My case is an entity whereas its instances can be arranged in a tree. Each entity holds only the entityId of its parent as Optional. If an entity is moved e.g. 2 times successively, 2 instances of PEntityMovedEvent will get created. If i want to send the absolute path in the PUBLIC event i have to query the write-side (or a read side) to get the path. Therefore the outcome of this resolve process is timing dependent. If i’m lucky and the event processing is fast enough, the path is correct. If its after the 2nd modification, the absolute path will be the current one… depending on the layout of the public event, i may emit the same event two times or worse, the data of the event could be inconsistent.
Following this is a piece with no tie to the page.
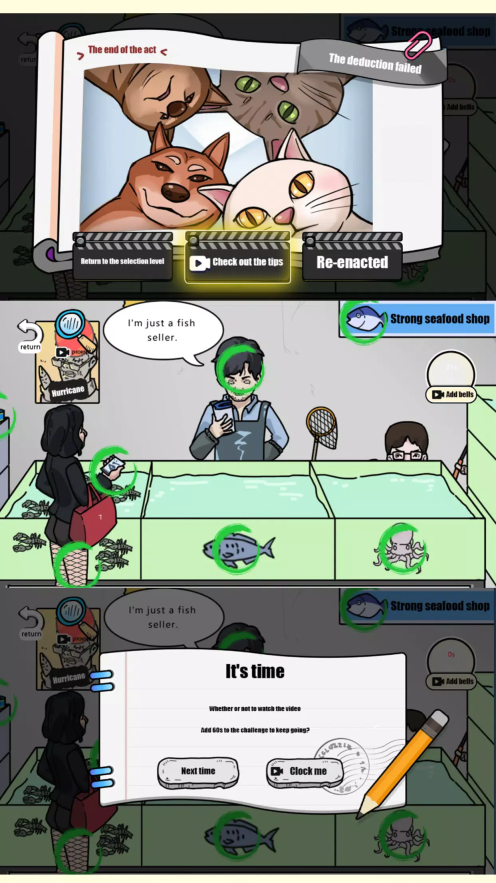 3. 玩家既能通过和顾客交谈,知晓他们的需求与故事;也能通过查看鱼缸,发现隐藏的物品。

What are the possibilies for the developer to solve this?
a.) “Pollute” the persistent event with data of the state which are required for the public event. (Pollute because this data is not required to recreate the entity state internally). In my case this would be the new absolute path.
b.) Implement some sort of synchronization mechanism. E.g. do not allow certain entity updates until this processor has processed the emitted event. Could be done by returning e.g. a uuid as a transaction identifier which is also in the persistent-event. In my case this is very tricky. The lock would have to affect not only the entity itself but also all entities in the absolute path.
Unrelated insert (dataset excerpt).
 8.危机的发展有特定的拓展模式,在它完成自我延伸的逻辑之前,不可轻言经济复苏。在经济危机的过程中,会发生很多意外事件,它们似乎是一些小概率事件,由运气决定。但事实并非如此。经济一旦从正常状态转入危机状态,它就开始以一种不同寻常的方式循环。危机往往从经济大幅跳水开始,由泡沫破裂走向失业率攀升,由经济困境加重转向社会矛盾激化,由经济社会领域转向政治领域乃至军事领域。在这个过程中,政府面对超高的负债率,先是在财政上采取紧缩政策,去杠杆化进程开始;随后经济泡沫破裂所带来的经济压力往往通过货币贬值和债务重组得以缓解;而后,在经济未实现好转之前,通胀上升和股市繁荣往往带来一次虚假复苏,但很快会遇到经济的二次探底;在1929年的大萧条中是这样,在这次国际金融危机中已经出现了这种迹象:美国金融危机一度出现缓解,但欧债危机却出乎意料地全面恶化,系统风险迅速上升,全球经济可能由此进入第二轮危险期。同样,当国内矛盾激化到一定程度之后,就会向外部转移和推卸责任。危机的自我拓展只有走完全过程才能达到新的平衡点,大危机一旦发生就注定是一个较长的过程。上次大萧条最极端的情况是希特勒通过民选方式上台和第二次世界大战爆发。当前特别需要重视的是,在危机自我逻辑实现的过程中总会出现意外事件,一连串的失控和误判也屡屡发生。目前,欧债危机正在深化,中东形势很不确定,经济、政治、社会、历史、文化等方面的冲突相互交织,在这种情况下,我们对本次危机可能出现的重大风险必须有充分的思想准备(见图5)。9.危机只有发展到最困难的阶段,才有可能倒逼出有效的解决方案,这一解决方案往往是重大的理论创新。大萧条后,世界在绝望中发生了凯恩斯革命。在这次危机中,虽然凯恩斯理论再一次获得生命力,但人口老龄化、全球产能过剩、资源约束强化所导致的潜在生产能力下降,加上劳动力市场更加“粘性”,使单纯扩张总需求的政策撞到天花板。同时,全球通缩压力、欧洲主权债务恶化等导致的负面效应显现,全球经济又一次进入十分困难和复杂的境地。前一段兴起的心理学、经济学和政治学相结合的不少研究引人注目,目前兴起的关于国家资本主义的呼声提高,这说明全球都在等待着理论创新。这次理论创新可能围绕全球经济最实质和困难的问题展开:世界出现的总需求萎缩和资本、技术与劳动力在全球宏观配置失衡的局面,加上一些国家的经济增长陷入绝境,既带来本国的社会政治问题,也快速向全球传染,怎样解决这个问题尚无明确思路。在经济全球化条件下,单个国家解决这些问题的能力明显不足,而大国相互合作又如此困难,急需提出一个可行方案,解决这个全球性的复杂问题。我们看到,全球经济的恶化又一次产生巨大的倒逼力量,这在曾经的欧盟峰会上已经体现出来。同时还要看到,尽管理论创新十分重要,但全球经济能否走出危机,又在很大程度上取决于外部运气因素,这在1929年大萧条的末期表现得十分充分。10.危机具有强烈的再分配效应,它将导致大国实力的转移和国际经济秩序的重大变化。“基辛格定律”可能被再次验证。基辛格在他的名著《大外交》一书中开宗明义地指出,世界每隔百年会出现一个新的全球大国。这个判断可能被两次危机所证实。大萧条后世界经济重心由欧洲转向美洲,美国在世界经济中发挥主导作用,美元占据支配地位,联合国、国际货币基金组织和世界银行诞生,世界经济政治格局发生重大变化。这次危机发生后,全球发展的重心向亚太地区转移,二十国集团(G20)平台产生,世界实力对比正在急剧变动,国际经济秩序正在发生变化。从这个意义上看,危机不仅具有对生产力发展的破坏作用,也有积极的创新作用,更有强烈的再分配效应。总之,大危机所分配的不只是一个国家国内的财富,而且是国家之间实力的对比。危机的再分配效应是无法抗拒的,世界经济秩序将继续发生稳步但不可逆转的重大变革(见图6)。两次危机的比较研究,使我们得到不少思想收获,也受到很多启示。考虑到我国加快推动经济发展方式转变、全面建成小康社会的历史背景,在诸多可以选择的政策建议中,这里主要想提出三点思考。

Is this “the way to go” or are there better solutions?

greetings,
Michael

PS: This is also done in the online auction example:
e,g.: https://github.com/lagom/online-auction-java/blob/cebdee4d696ee56863ea5654bdf92896e3088695/item-impl/src/main/java/com/example/auction/item/impl/ItemServiceImpl.java#L154

What if the state of the action is different from the state when the auction was created? We always emit the “current” state here.


(Alan Klikic) #2

Hi,

I think you should embrace eventual consistency as a fact :slight_smile:
From perspective of the requester, doing get on service write side is also eventual consistent because immediately after you collect data, state can change.
It is true that get on write side, from requester perspective, is more consistent then get on read side but again is eventual consistent.
My advice is to model functionalities as much as possible with embrace of eventual constancy.

Personally I do not prefer doing write side read in topic producer event mapping or read-side processor.
I prefer having all needed information in the event it self. Event should be autonomous from perspective of information owned by the entity that produced it.
So when modeling entity events I also think about what information, that is owned by the entity, will be required in read-side or topic producer and enrich the event to be autonomous. I will emphasize again that enrich information is NOT information that is NOT owned by the entity.

I hope this helps.

Br,
Alan


(Michael Mangeng) #3

Hi Alan,

yes - thank you.

If it’s ok the embed “enrich information” into the entity, it makes live easier and i can produce consistent events with ease.

In my case i can store the fullPath in the entity and by using a new event (PathUpdated) i can stay consistent within the public events.

Thank you!

greetings,
Michael


(Marc-Antoine Nüssli) #4

Hi,

@aklikic I am not completely comfortable with the idea of enriching events with any information that would be useful to the reader. I mean as long as the information could be generated from previous events of the same entity, I would try to not put it in the event. Sometimes, the enriched info might be quite large and would indeed pollute the event store.
I do not consider that a single event has to be autonomous but rather the event stream of a single entity is autonomous.

@mm I am not sure to understand correctly your problem but it sounds that your goal is to provide additional state info to the requester of the write command. In this case, you can use the command Reply which can contains as much information as you may need (e.g. information that would only be eventually in the read-side) as it is not persisted.
And more generally, I tend to think that when external caller/reader need infos not conveyed directly in a single event, they must maintains their own read-side the service events.


(Alan Klikic) #5

Hi,

I completely agree. Thank you for pointing that out.
Enriching has to be modeled per use case.
In case of large data, it should be avoided by using readside generated by preceding events. Consistency has to be ensured by handling event stream with the same event processor/topic producer. Querying write side, in this case, should also be avoided because it could break consistency by “looking in the future”.
On the other hand it is not an anti-pattern and in some cases, where data is not large, it can simply/optimize implementation.

Br,
Alan